5. Suppose you have a heap which supports the usual add() and removeMin() operations, but also supports a changePriority (name, new Priority) operation. How could you combine these operations to define a remove(name) operation?
6. Suppose you used an ordered array to implement a priority queue. Give the O( ) time for the operations removeMin(), add(element, key), findMin() take?
Solution: Check the current minimum and find out what its priority is. (You can remove the min, check its value, and then add it back in.) Then use the changePriority() method to reduce the priority of the element that you wish to remove, such that its new priority is less than that of the current minimum. Then, remove the (new) minimum.
Solution: If you order from small to large then removeMin() would be O(n).
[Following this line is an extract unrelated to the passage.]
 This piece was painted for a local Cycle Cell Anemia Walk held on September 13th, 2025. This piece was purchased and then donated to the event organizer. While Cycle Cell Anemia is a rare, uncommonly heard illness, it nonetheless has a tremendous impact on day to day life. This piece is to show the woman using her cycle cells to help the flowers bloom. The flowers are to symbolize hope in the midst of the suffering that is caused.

It would be better would be to order from large to small so that removeMin would be O(1). Adding an arbitrary element would be O(n) since you would have to shift all the elements in the worst case. findMin would be O(1) since the array is ordered.
Disjoint sets
7. Consider the set of all trees of height h that can be constructed by a sequence of “union-by- height” operations. How many such trees are there?
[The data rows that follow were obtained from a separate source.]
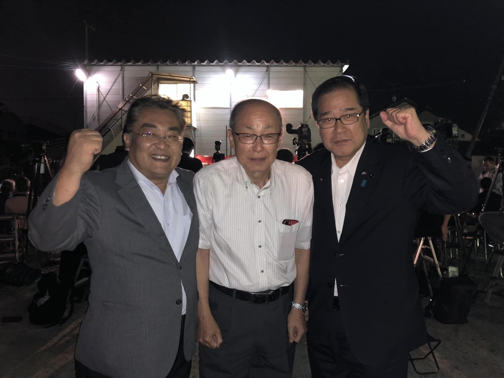 19時過ぎから、「片岡聡一選挙事務所」。現職の片岡聡一氏が5選を果たされました。おめでとうございます。総社市在住の大森前新見市副市長も来られていました。
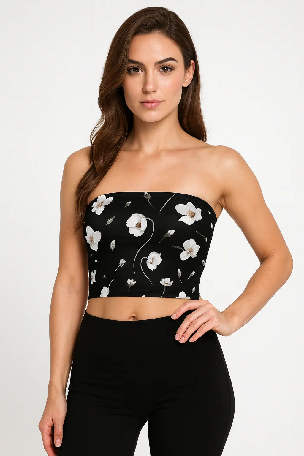 A chic black tube top featuring an elegant flower pattern. Its regular fit provides comfort and style, perfect for pairing with jeans or skirts. Ideal for casual outings, parties, or summer looks with a touch of sophistication.
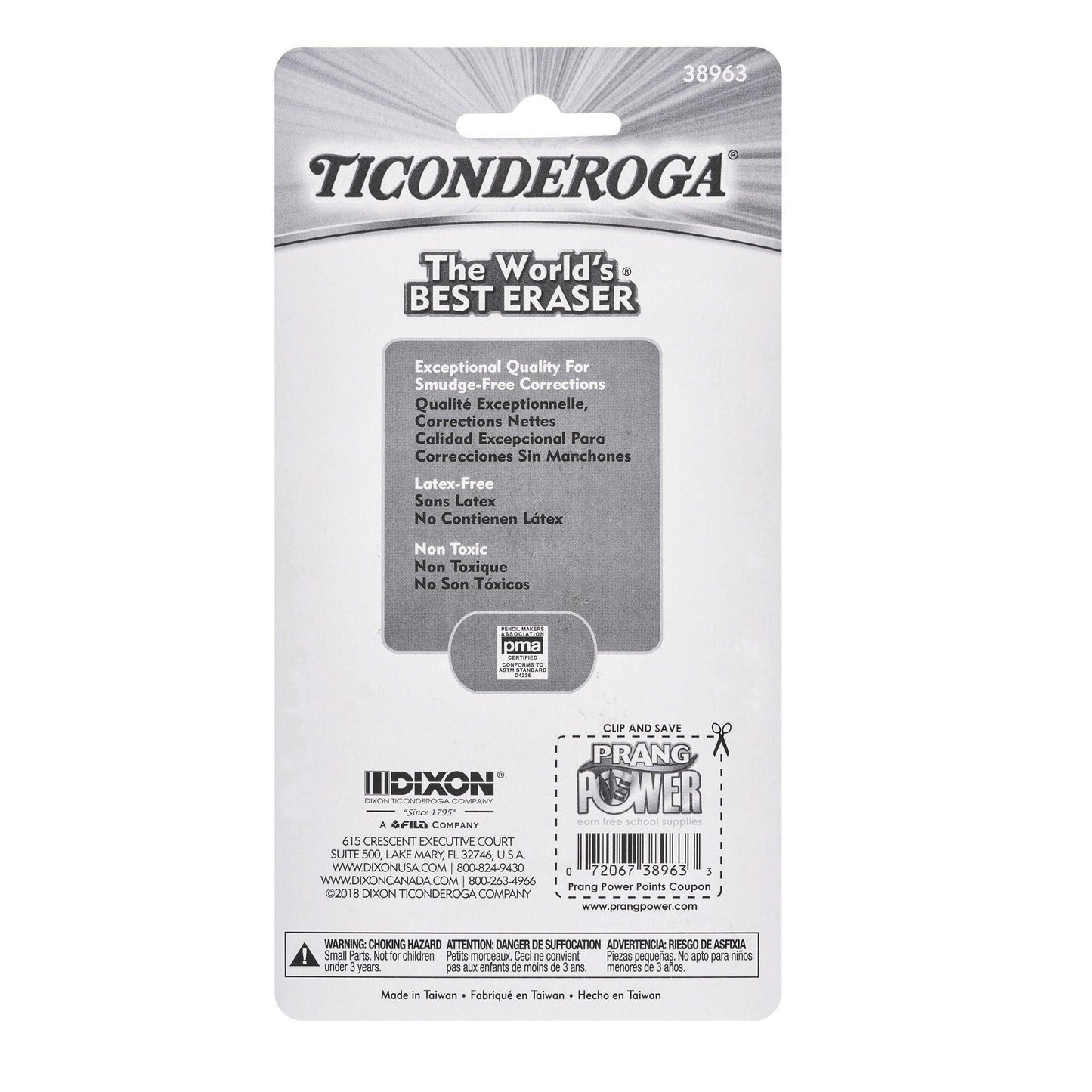 Ticonderoga® Pencil Shaped Erasers make correcting mistakes fun. The entire pencil shape is actually a high quality, latex-free eraser that cleanly removes black pencil marks, leaving you with a clear, smudge-free surface. PMA certified non-toxic Each pack includes 3 erasers. Sold as 6 packs for a total of 18 erasers.
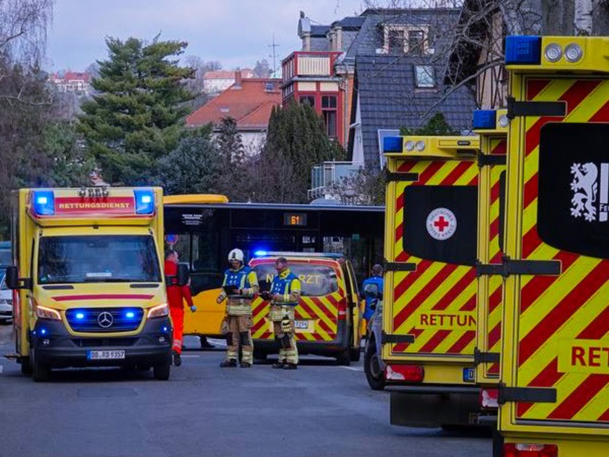 Aus noch zu ermittelnder Ursache ist es heute Mittag zu einem Verkehrsunfall zwischen einem Bus der Linie 61 und einem PKW VW gekommen. Der Busfahrer hatte in diesem Zusammenhang eine Gefahrenbremsung eingeleitet, woraufhin mehrere FahrgĂ€ste im Bus stĂŒrzten. Drei weibliche Patientinnen (73, 87) sowie eine 47-jĂ€hrige Mutter und ihr 13-jĂ€hriger Sohn wurden dabei zum Teil schwer verletzt und mit Rettungswagen in KrankenhĂ€user transportiert. Sechs weitere Patienten trugen leichte Verletzungen davon und wurden vor Ort ambulant versorgt. Um die groĂe Zahl an Verletzten zu versorgen, wurde nach dem Alarmstichwort MANV10 alarmiert. Damit werden zusĂ€tzliche Rettungsmittel und FĂŒhrungsdienste zur Einsatzstelle entsandt, um die Patienten schnellstmöglich einer klinischen Versorgung zuzufĂŒhren. Im Einsatz waren neben dem B-Dienst und dem Organisatorischen Leiter Rettungsdienst, ein Notarzteinsatzfahrzeug sowie ein Rettungswagen der Feuer- und Rettungswache Altstadt, drei Rettungswagen der Rettungswache Johannstadt sowie zwei Rettungswagen der Feuer- und Rettungswache Striesen. Die Polizei hat die Ermittlungen zur KlĂ€rung des Unfallhergangs aufgenommen. FĂŒr die Dauer der EinsatzmaĂnahmen musste der Bereich gesperrt werden.

8. Consider a tree formed by union-by-height operations, without path compression. Suppose the tree has n nodes and the tree is of height h. Show that n is greater than or equal to 2h. (Note that the tree need not be a binary tree, and so we cannot just apply properties of binary trees to this problem. Indeed, for binary trees of height h, we can only say that the number of nodes at most 2h+1 − 1, which is looser than the bound stated in the question.)
Solution: It was a trick question. There are infinitely many of these trees, since there is no constraint given on the number of nodes and “union-by-height” trees (trees built by union-by-height operations) have no constraint on the number of children of any node.
Solution: Here is a proof by induction on the tree height k. The base case k = 0 is easy, since a tree of height 0 always has just 1 = 20 node (the root). Suppose the claim is true for h = k. Now consider a union-by-height tree of height k + 1. There must have been a union that brought two trees together and increased the height of one of them from k to k + 1. Let those two trees (at the time of that union) be T1 and T2. We know that both T1 and T2 were of height k before the union. [Why? If one of them were of height less than k, then union-by-height would have changed the root of that shorter one to make it point to the root of the taller one, and the height of the unioned tree would still be k. But its not the unioned tree is of height k+1.]
Now we can apply the induction hypothesis: the trees T1 and T2 each have at least 2k nodes. Thus, the unioned tree has at least 2k + 2k = 2k+1 nodes.
Minimum spanning-trees
9. Prove that for any weighted undirected graph such that the weights are distinct (no two edges have the same weight), the minimal spanning tree is unique.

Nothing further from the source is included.